Set of all subjects that had the same chance to become part of the sample.

\(\Rightarrow\) The population is defined by the way how samples are taken

\(\Rightarrow\) Samples should be representative for our intended observational subject.

Sampling strategies


Random sampling

  • Individuals are selected at random from a given population.
  • Examples:
    • Random selection of sample sites on a grid.
    • Random placement of experimental units on a shelf.


Stratified sampling

  • The population is subdivided into classes of similar subjects (strata).

  • The strata are separately analysed and then the the information is weighted and combined to infer about the population.

  • Stratified sampling requires information about the size and representativity of the strata.

  • Examples: election forecasts, depth layers in a lake, age classes for animals.

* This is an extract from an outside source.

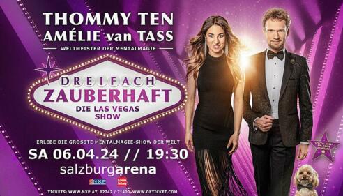 „Dreifach zauberhaft – Die Las Vegas Show“ ist das bisher größte Meisterstück von Thommy Ten und Amélie van Tass. Mit ihrer außergewöhnlichen Mentalmagie, den eigens für die Show kreierten Illusionen sowie der beeindruckenden Inszenierung werden die beiden einmal mehr neue Maßstäbe setzen und beweisen, warum sie zu den berühmtesten und erfolgreichsten Magiern der Welt zählen.

Random and systematic errors


Random errors

  • can be estimated with statistical methods
  • are eliminated if sample size is large
  • in large samples, big and small errors average out

Systematic Errors also called bias

  • can often not easily be estimated with statistical methods alone
  • knowledge about the considered system
  • elimination requires calibration using standards, blind values or pairing

Population and sample parameters


“True” parameters of the population

  • symbolized with greek letters, (\(\mu, \sigma, \gamma\, \alpha, \beta\))
  • usually unknown
  • estimated from a sample

“Calculated” parameters from a sample

  • symbolized with latin letters (\(\bar{x}\), \(s\), \(r^2\), …)
  • the calculation is done from a sample
  • statisticians say “estimation” instead of “calculation”
  • parameters can themselves be treated as a random variable

Expected value


A single measurement \(x_i\) of a random variable \(X\) can be written as the sum of the expected value \(\mathbf{E}(X)\) of the random variable and a random error \(\varepsilon_i\).

\[\begin{align} x_i &= \mathbf{E}(X) + \varepsilon_i\\ \mathbf{E}(\varepsilon)&=0 \end{align}\]

Example:

  • for a fair dice with 6 eyes, true mean \(\mu\) should be 3.5
  • in reality it is not exactly known if the dice is a perfect cubus

Example: 3 people with 5 trials:

sample 1:  3 3 2 4 1  mean: 2.6
sample 2:  6 1 1 6 1  mean: 3
sample 3:  6 5 6 6 5  mean: 5.6

Overall mean: \(\bar{x} = 3.73\) is close to \(\mu = 3.5\).